Stagnating economy with rate increase

– Murphy Oil can face lack of demand in the market place because of Fed actions to reduce inflation. This can lead to sluggish growth in the economy, lower demands, lower investments, higher borrowing costs, and consolidation in the Oil & Gas Operations industry.

Trade war between China and United States

– The trade war between two of the biggest economies can hugely impact the opportunities for Murphy Oil in Oil & Gas Operations industry. The Oil & Gas Operations industry is already at various protected from local competition in China, with the rise of trade war the protection levels may go up. This presents a clear threat of current business model in Chinese market.

Increasing wage structure of Murphy Oil

– Post Covid-19 there is a sharp increase in the wages especially in the jobs that require interaction with people. The increasing wages can put downward pressure on the margins of Murphy Oil.

Consumer confidence and its impact on Murphy Oil demand

– There is a high probability of declining consumer confidence, given – high inflammation rate, rise of gig economy, lower job stability, increasing cost of living, higher interest rates, and aging demography. All the factors contribute to people saving higher rate of their income, resulting in lower consumer demand in Oil & Gas Operations industry and other sectors.

Increasing international competition and downward pressure on margins

– Apart from technology driven competitive advantage dilution, Murphy Oil can face downward pressure on margins from increasing competition from international players. The international players have stable revenue in their home market and can use those resources to penetrate Murphy Oil prominent markets.

High level of anxiety and lack of motivation

– the Great Resignation in United States is the sign of broader dissatisfaction among the workforce in United States. Murphy Oil needs to understand the core reasons impacting the Oil & Gas Operations industry. This will help it in building a better workplace.




Weighted SWOT Analysis of Murphy Oil Template, Example


Not all factors mentioned under the Strengths, Weakness, Opportunities, and Threats quadrants in the SWOT Analysis are equal. Managers at Murphy Oil needs to zero down on the relative importance of each factor mentioned in the Strengths, Weakness, Opportunities, and Threats quadrants. We can provide the relative importance to each factor by assigning relative weights. Weighted SWOT analysis process is a three stage process –

First stage for doing weighted SWOT analysis of Murphy Oil is to rank the strengths and weaknesses of the organization. This will help you to assess the most important strengths and weaknesses of the firm and which one of the strengths and weaknesses mentioned in the initial lists are marginal and can be left out.

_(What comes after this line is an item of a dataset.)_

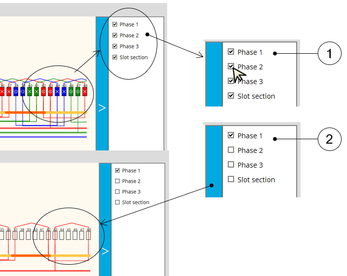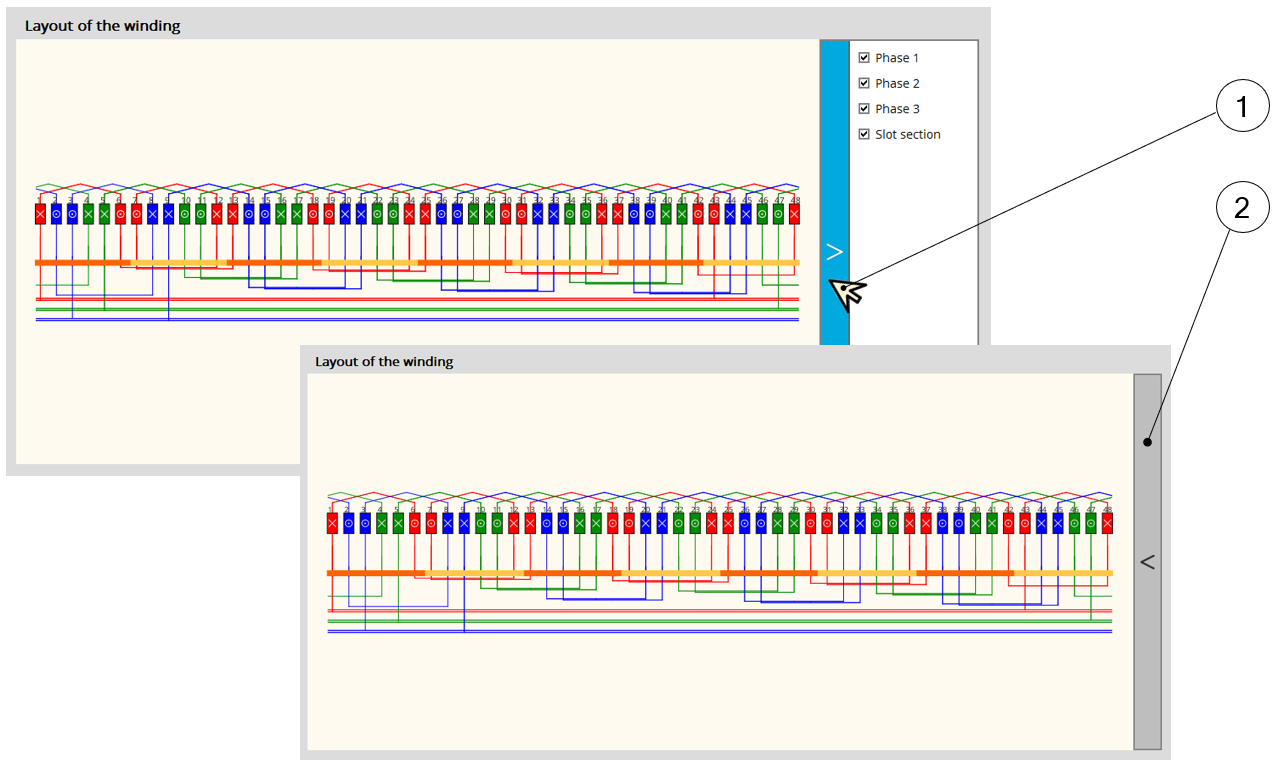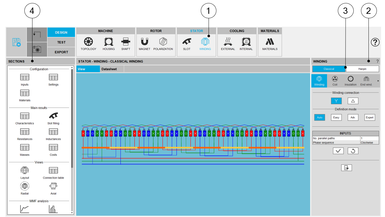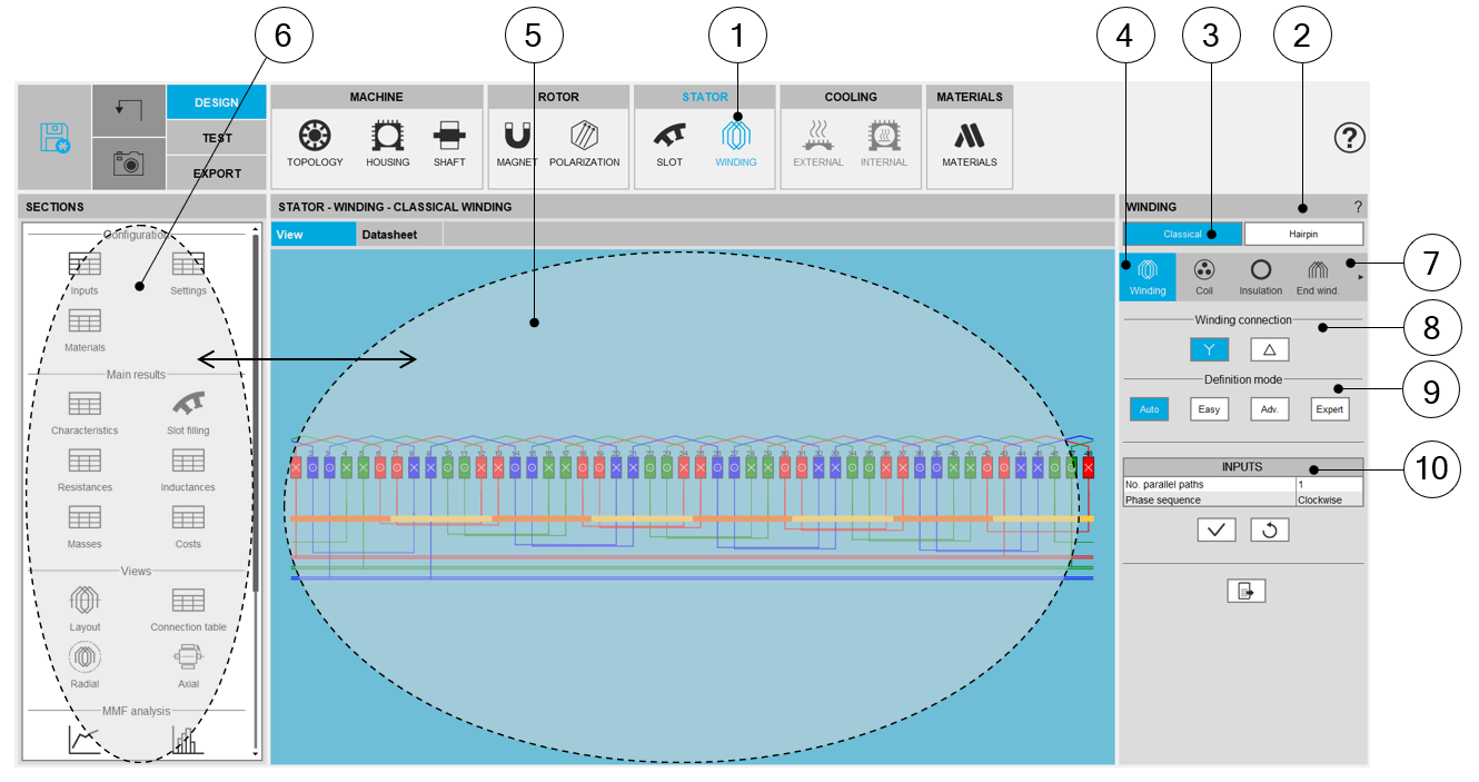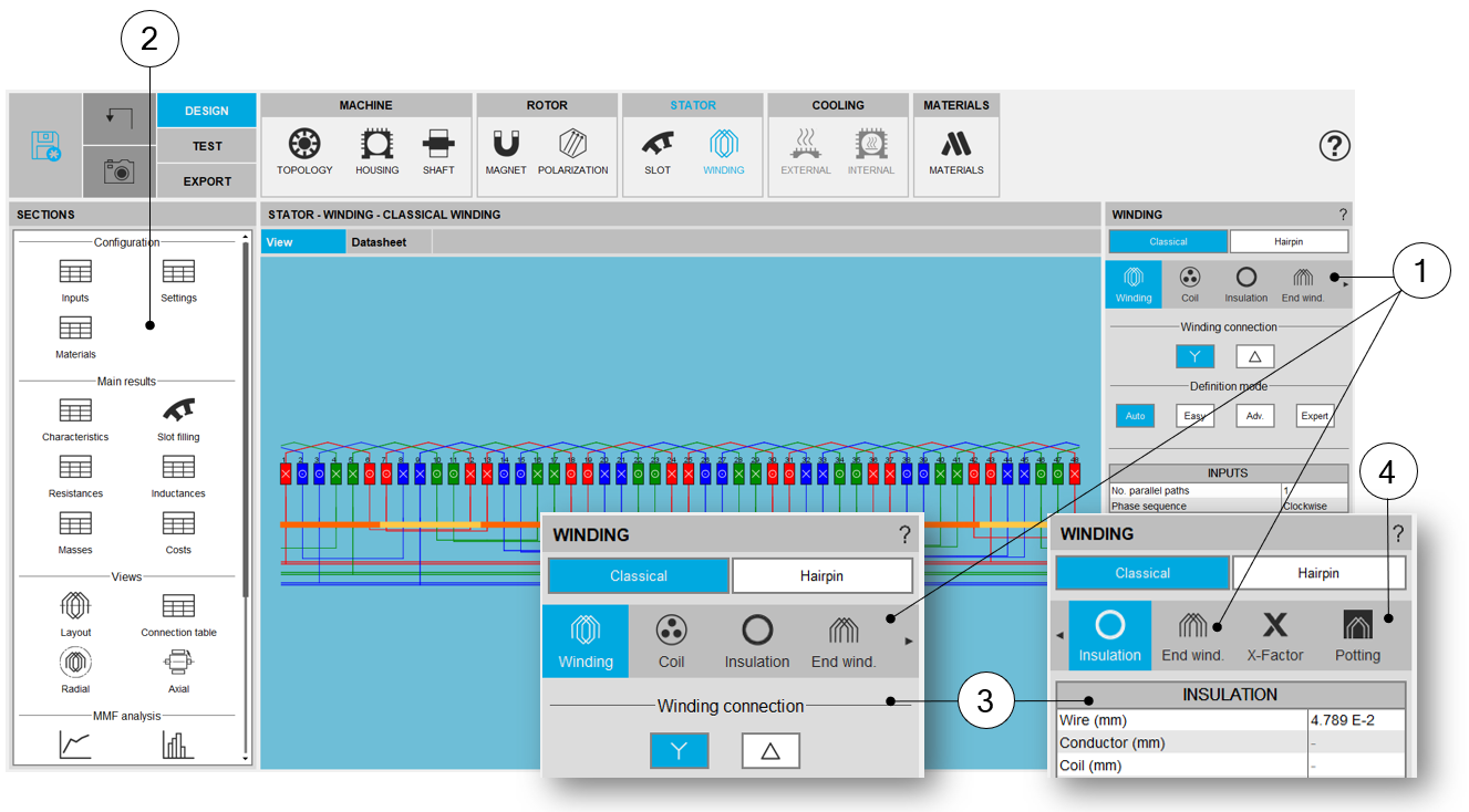 | 3 | Buttons to select the winding type “classical or hairpin” (here classical winding is selected – Highlighted in blue). |

Second stage for conducting weighted SWOT analysis of Murphy Oil is to give probabilities to the external strategic factors thus better understanding the opportunities and threats arising out of macro environment changes and developments.

Third stage of constructing weighted SWOT analysis of Murphy Oil to provide strategic recommendations includes – joining likelihood of external strategic factors such as opportunities and threats to the internal strategic factors – strengths and weaknesses. You should start with external factors as they will provide the direction of the overall industry. Secondly by joining probabilities with internal strategic factors can help the company not only strategic fit but also the most probably strategic trade-off that Murphy Oil needs to make to build a sustainable competitive advantage.